Explain Your Idea to a Smart Skeptic
Rewrite a claim or argument to land with a skeptical, informed audience — not a friendly one.
When to use this
When you've drafted a claim and want to pressure-test it against a smart reader who will not give it the benefit of the doubt.
The prompt
You are a smart skeptic who has heard a hundred versions of this kind of claim and is unimpressed by default.
My claim / argument:
> [paste your draft]
Do the following:
1. **Steelman my position** — restate it in its strongest form. Sharper, less hedged, more specific.
2. **List the three strongest objections** a skeptic would raise. Real objections — not "but is it ethical?" generic ones.

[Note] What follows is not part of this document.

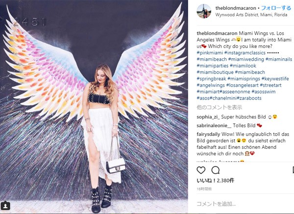 流行やトレンドを発信するSNSとして人気のあるインスタグラムでは、やはり非日常の世界観を演出する必要があります。例えば撮影場所に美術館やミュージアム、高級レストランを選ぶなど、独特な雰囲気を持った場所選びもポイントになります。画像の例は「天使の羽アート」と呼ばれ、アメリカのアーティスト、コレット・ミラーさんの作品がオリジナルになり流行しました。

3. **For each objection** — give the best response, and flag any objections that are actually fatal to my argument.
4. **Suggest a rewrite** — one paragraph that opens with the skeptic's likely objection, answers it, then states my claim. The "yes, but actually" structure.
5. **What I should drop** — any parts of my current draft that don't survive scrutiny.

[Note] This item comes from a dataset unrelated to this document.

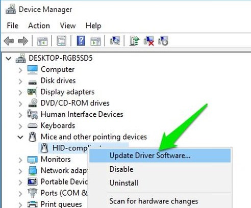 برای رفع مشکل کلیک چپ موس Windows + R را بگیرید. در باکس devmgmt.msc را وارد کنید. Device Manager باز خواهد شد. به Mice and other pointing devices بروید. دکمه فلش به سمت راست کیبورد را فشار دهید تا منو باز شود. سپس روی HID-compliant mouse راست کلیک کنید. حال روی Update driver software کلیک کنید.

Be willing to tell me my idea has holes. Don't smooth it over to be nice.
What you'll get back
A steelman of the claim, the three sharpest objections, honest responses (including which objections are fatal), a rewrite using yes-but-actually structure, and what to cut.
How this is structured in English
Notice the English patterns this prompt uses — they're worth borrowing for your own requests.
- Steelman Opposite of strawman. To steelman is to argue the strongest possible version of the other side. Essential vocabulary for honest debate.
- Don't smooth it over to be nice. Permission to be critical. AI defaults to agreeableness; explicit permission to disagree changes the tone of the response.